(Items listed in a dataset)
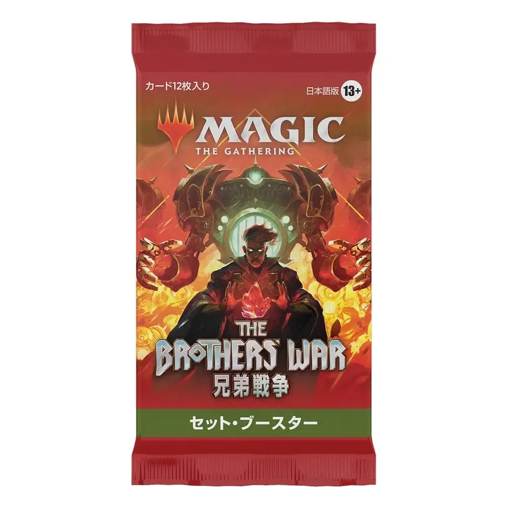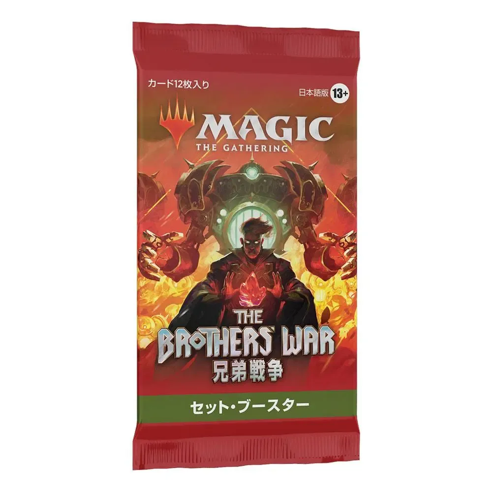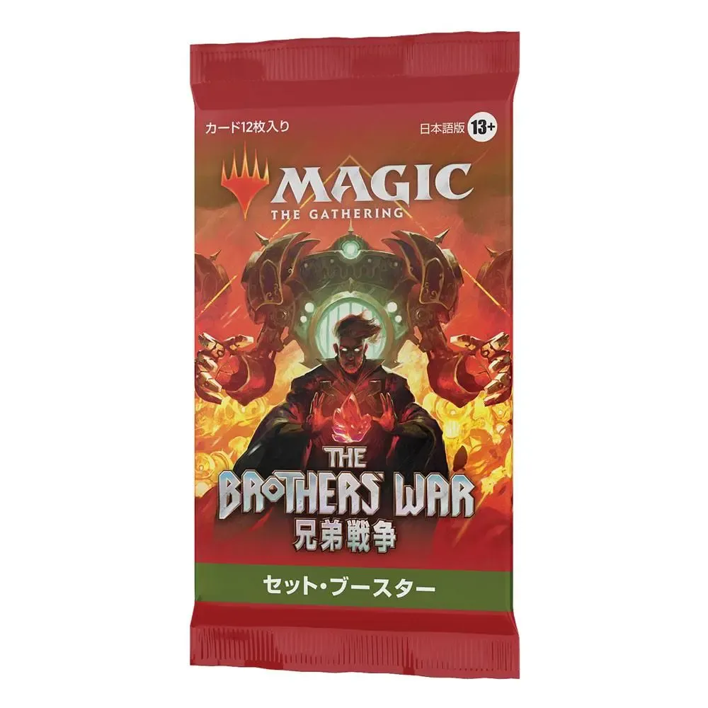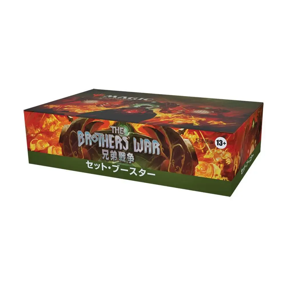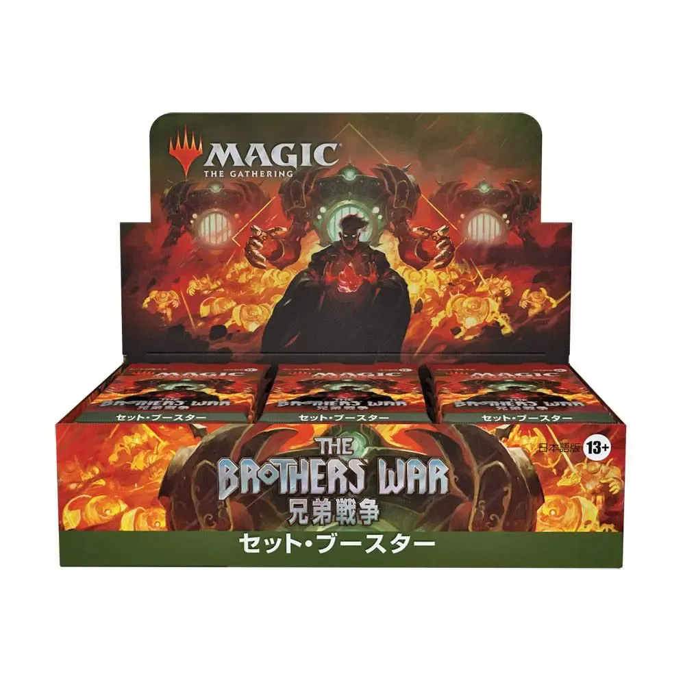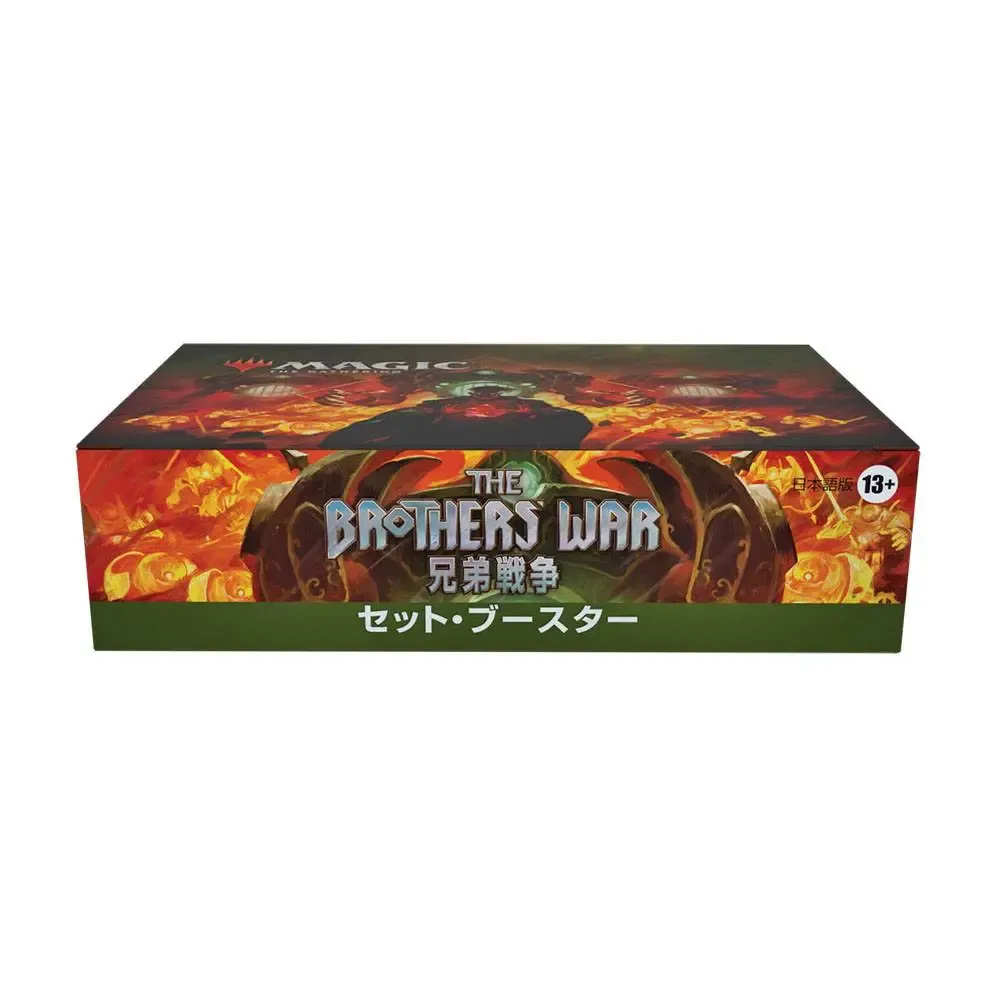 Ein Krieg der Brüder Set-Booster-Display enthält 30 Krieg der Brüder Set-Booster. Jeder Set-Booster enthält 12 Magic-Karten, 1 Artwork-Karte und 1 Spielstein-/Werbekarte oder Karte aus "der Liste" (eine besondere Karte aus der Geschichte von Magic - in 25 % der Booster).
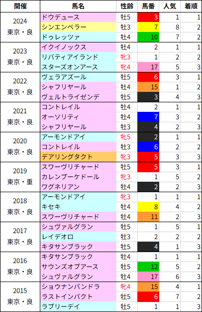 Cコース替わり2週目で内の状態が良く、近年はかなり内有利なレース。馬番1番が(3-2-1-4)・2番が(3-1-1-5)と馬番1~2番だけで過去10年中6勝を挙げています。 また5番人気以内×1~3枠は(9-3-6-6)・4~8枠は(1-5-2-18)と人気馬でも外枠では2着止まりが多く、最後に外枠で優勝したのは2015年のショウナンパンドラ。
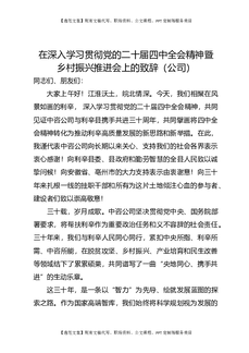 深入学习贯彻党的二十届四中全会精神暨乡村振兴推进会上的致辞(公司).docx
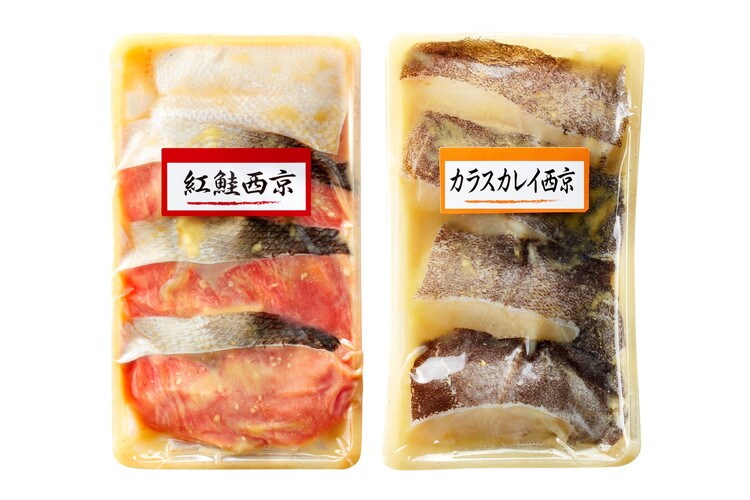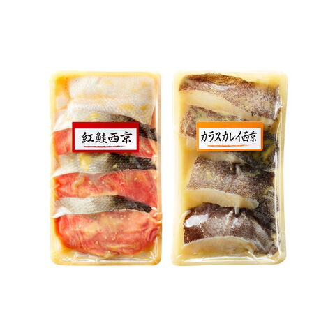 商品内容:カラスカレイ西京漬4切(計160g)、紅鮭西京漬4切(計160g)
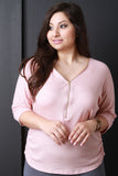 This plus size top features rib knit, zip-up neck, dolman sleeves, and ruched sides. Accessories sold separately. 88% Rayon, 12% Polyester.

Instructions for the task: Reproduce word for word the lines from the line with "商品内容:カラスカレイ西京漬4切(計160g)、紅鮭西京漬4切(計160g)" to the end of the entries above, both included, but leave the pictures out.

Exercise solution:
 商品内容:カラスカレイ西京漬4切(計160g)、紅鮭西京漬4切(計160g)
 This plus size top features rib knit, zip-up neck, dolman sleeves, and ruched sides. Accessories sold separately. 88% Rayon, 12% Polyester.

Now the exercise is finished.